┌─ Data extract
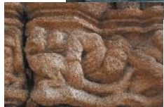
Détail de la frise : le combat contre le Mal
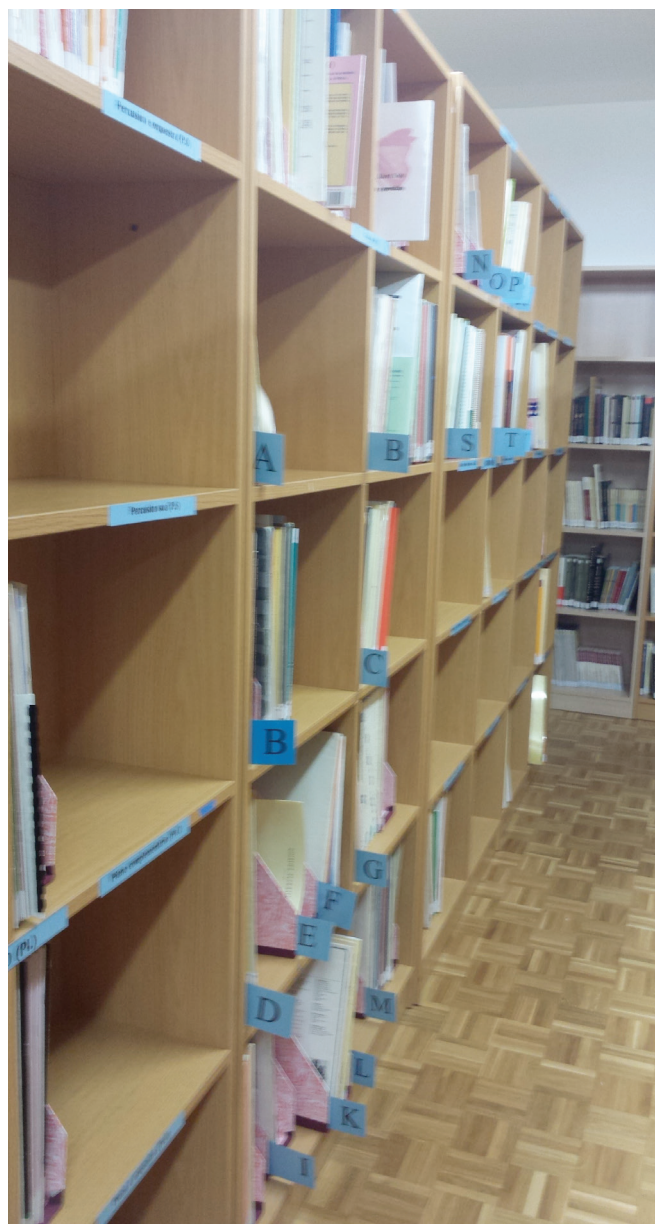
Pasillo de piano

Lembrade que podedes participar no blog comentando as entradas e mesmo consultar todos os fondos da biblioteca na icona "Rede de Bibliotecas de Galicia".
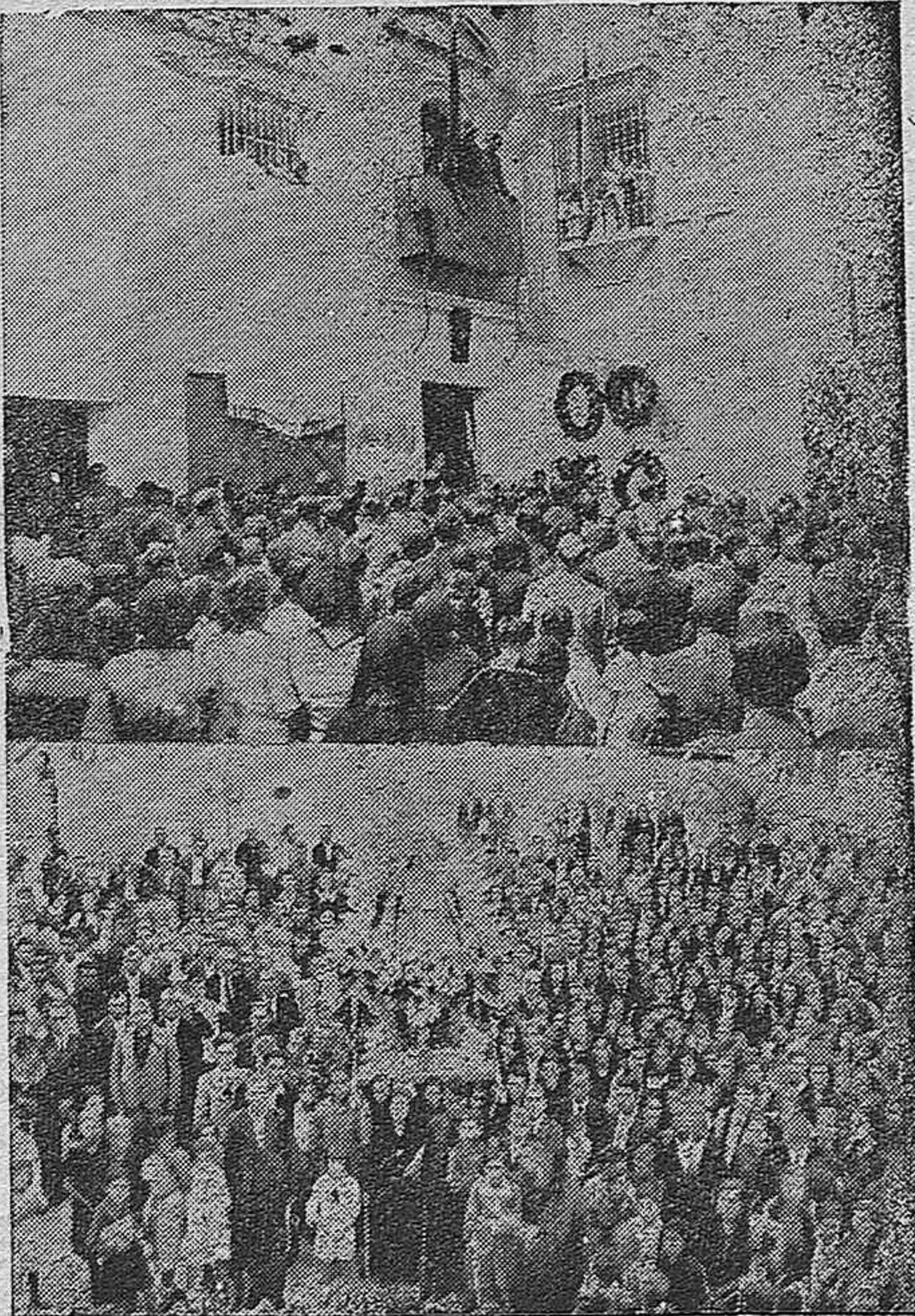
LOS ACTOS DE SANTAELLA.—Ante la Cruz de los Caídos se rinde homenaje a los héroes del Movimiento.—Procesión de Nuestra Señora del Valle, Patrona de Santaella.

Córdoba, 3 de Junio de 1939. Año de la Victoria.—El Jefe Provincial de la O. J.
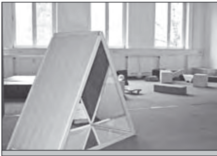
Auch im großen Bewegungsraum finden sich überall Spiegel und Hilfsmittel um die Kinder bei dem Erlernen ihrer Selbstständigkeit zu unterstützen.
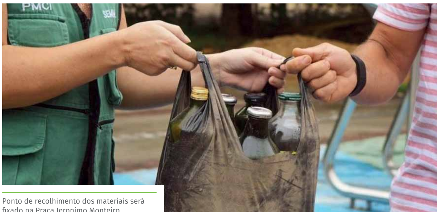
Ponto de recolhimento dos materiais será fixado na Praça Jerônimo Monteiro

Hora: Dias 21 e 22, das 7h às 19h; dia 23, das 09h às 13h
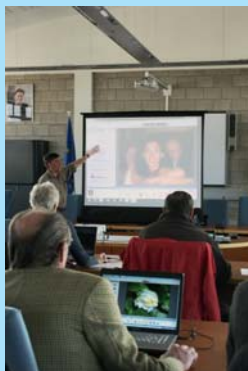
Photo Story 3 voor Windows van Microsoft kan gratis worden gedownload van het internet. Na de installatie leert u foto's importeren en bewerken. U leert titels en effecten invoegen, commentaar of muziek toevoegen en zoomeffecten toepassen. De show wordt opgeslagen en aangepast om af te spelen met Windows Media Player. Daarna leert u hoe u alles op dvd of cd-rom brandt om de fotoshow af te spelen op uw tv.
└─
┌─ Data extract
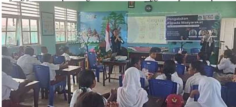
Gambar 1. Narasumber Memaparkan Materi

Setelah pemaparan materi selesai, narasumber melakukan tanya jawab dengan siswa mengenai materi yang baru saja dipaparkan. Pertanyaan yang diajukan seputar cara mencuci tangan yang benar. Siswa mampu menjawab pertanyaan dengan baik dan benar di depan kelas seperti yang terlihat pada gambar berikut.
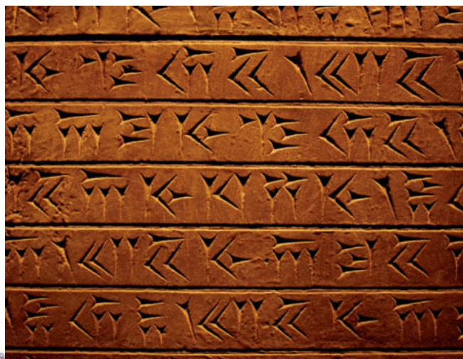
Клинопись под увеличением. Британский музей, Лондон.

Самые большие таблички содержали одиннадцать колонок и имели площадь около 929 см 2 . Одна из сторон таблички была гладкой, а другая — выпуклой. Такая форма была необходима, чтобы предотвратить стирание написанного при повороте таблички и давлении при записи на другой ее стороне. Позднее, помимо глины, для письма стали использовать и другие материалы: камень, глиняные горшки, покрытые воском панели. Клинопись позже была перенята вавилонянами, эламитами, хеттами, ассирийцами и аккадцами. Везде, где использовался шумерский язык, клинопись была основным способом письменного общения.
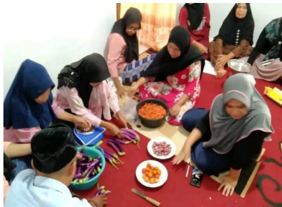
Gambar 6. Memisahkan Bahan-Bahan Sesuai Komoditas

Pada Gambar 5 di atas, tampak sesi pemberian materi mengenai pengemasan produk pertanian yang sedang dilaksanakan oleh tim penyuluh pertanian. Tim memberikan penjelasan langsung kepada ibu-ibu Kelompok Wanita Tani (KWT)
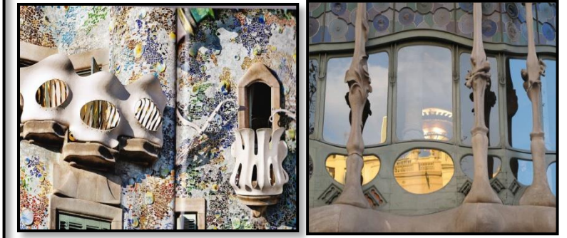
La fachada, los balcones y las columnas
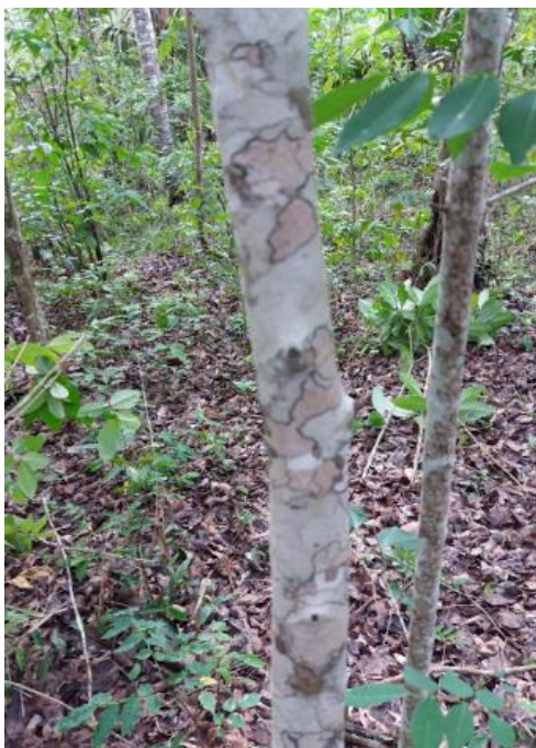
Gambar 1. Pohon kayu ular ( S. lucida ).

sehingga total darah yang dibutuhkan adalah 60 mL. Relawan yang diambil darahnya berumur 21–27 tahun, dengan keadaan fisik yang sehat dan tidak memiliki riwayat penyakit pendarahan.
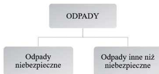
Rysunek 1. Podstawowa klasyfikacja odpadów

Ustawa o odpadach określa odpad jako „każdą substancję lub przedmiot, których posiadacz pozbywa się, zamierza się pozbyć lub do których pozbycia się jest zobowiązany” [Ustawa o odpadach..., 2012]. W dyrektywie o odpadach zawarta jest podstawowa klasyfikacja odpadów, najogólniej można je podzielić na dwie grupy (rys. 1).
└─
Nothing but the lines from the one with "Ponto de recolhimento" up to and including the one with "Photo Story 3" should be printed, exactly as they read above. Please keep the pictures out.

- **Exercise output**
Ponto de recolhimento dos materiais será fixado na Praça Jerônimo Monteiro

Hora: Dias 21 e 22, das 7h às 19h; dia 23, das 09h às 13h
Photo Story 3 voor Windows van Microsoft kan gratis worden gedownload van het internet. Na de installatie leert u foto's importeren en bewerken. U leert titels en effecten invoegen, commentaar of muziek toevoegen en zoomeffecten toepassen. De show wordt opgeslagen en aangepast om af te spelen met Windows Media Player. Daarna leert u hoe u alles op dvd of cd-rom brandt om de fotoshow af te spelen op uw tv.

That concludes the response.